Artificial Intelligence in Drug Design

Abstract

Artificial Intelligence (AI) plays a pivotal role in drug discovery. In particular artificial neural networks such as deep neural networks or recurrent networks drive this area. Numerous applications in property or activity predictions like physicochemical and ADMET properties have recently appeared and underpin the strength of this technology in quantitative structure-property relationships (QSPR) or quantitative structure-activity relationships (QSAR). Artificial intelligence in de novo design drives the generation of meaningful new biologically active molecules towards desired properties. Several examples establish the strength of artificial intelligence in this field. Combination with synthesis planning and ease of synthesis is feasible and more and more automated drug discovery by computers is expected in the near future.

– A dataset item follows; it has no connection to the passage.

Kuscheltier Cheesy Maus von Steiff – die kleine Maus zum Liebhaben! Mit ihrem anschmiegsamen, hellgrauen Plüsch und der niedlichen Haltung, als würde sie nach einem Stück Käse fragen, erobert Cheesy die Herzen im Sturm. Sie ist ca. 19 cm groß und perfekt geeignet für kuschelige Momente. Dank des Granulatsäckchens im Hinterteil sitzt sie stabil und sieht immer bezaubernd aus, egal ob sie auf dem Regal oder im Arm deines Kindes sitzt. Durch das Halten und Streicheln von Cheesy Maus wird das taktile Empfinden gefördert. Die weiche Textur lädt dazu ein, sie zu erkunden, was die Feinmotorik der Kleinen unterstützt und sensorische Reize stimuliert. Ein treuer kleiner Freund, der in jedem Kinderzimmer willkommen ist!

Keywords: artificial intelligence; de novo design; deep learning; neural networks; property prediction; quantitative structure-activity relationship (QSAR); quantitative structure-property prediction (QSPR).

Figure 1

Neurons are connected to each other. Incoming signals are multiplied by a weight. The output signal z_j is given by the sum of this products plus a bias transformed by an activation function. Examples of activation functions are graphically shown, like the rectified linear unit (ReLU) or the Gaussian function. For each neuron in the neural net, weights and biases need to be trained. Deep neural networks have several hidden layers with many neurons. The number of neurons typically varies between different layers.

Figure 2

Toxicophoric features identified from the Tox21 dataset by the neural network [8].

Figure 3

(A) Recurrent neural networks (RNNs) use sequential data. The output for the next element depends on the previous element. Thus, RNNs have a memory. h_i represent the hidden state at each neuron. They are updated based on the input x and the hidden state from the previous neuron. (B) In the UG-RNN approach, molecules are described as undirected graphs and fed into a RNN. Each vertex of a molecular graph is selected as a root node and becomes the endpoint of a directed graph. Output for all nodes is traversed along the graph until the root node is reached. All signals are summed to give the final output of the RNN, which enters into the NN for property training. (C) Graph convolutional models use the molecular graph. For each atom a feature vector is defined and used to pass on information for the neighboring atoms. In analogy to circular fingerprints different layers of neighboring atoms are passed through convolutional networks. Summation of the different atomic layers for all atoms results in the final vector entering the neural network for training.

Figure 4

(A) A variational autoencoder consists of two neural networks. The encoder network transforms the molecular description into a description vector, the latent space, while the decoder network is trained to translate a latent space vector into a molecule. (B) The adversarial autoencoder comprises a standard autoencoder, which learns to generate chemical structures. The discriminator network compares descriptions from a defined distribution to structures generated from the autoencoder.